On the cemetery there are 31 very well preserved gravestones dating from the end of the 19th / beginning of the 20th century. All gravestones face south with German inscriptions on the back. In the southern part of the cemetery there is a memorial stone with the inscription "In remembrance of the Jewish victims of fascism – a reminder to Everyone".

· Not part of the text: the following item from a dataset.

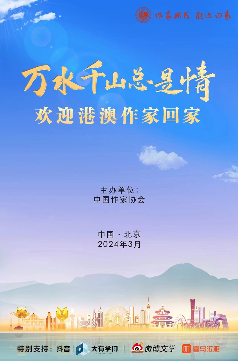3月28日-4月1日,“萬水千山總是情——歡迎港澳作家回家”作家活動周將作為中國作協“作家朋友 歡迎回家”系列2024開年首場活動在北京舉行。來自香港、澳門特別行政區的43位作家、詩人、劇作家、文化界人士將通過名家座談、對話、參觀、故事分享等多種方式與內地作家、學者、文學刊物主編、影視界人士共話文學的“海闊天空”和“光輝歲月”。

The whole complex is in a very good and well-maintained condition. Only the containers for recyclable materials set up in the north in front of the cemetery wall disturb the overall impression of the complex. Jewish cemeteries were marked in the official maps as burial places and signed with an L instead of a †. Mostly they were located further away from cities and communities, mainly in barn areas or similar remote places. In Anklam, the cemetery is located along the former railway station and railway line in front of the old town.

Around 1850 the cemetery was built on the outskirts of Anklam.

== History ==
The Jewish community in Anklam, which was founded at the beginning of the 19th century, was able to build its first cemetery in 1817, which seems to have been used only for a short time. Nothing remains of it. In 1925 the cemetery was made available by the Jewish community for the construction of a branch of the Reichsbank.

Around 1850 a new cemetery was built on the outskirts of the town, which was used until the Nazi era (1936 last funeral) but was later destroyed. In 1948 the cemetery was restored. There are 32 preserved gravestones. A memorial stone by the sculptor Bruno Giese was erected with the inscription: "In remembrance of the Jewish victims of fascism – a reminder to Everyone".

The old cemetery was situated in the Großen Wall (area of today's street "Großer Wall"); the new cemetery in today's residential area Lilienthalhof/in the street "Min Hüsung".

The last evidence for one of the larger Jewish congregations in Western Pomerania, the Anklamer congregation, is the Jewish cemetery at the "Min Hüsung". Here the last burials took place in 1936. During the pogromnight from 9 to 10 November 1938 the cemetery was desecrated. In 1940, in the name of the Reich Association of Jews in Germany and the dissolving synagogue congregation, the cemetery land was sold for 250 Marks to the Mecklenburg-Pommersche Schmalspurbahn AG, which had undertaken not to interfere with it. Following the bomb attacks on the town in August 1944, however, it was used as a dumping ground for rubble and the cemetery was largely destroyed. Until their deportation in 1942, 11 Jews continued to live in Anklam. The last Jewish residents of Anklam were deported on 11-12 February 1940 via Szczecin to the district of Lublin in occupied Poland; no-one returned.

In 1948 the cemetery was returned to the new Jewish congregation of Mecklenburg. At the beginning of the 1950s, the site was cleaned up and the stones were restored. Since 1962 it has existed in its present form as a memorial having been declared a memorial in the presence of a rabbi. The city has assumed responsibility for its preservation and care.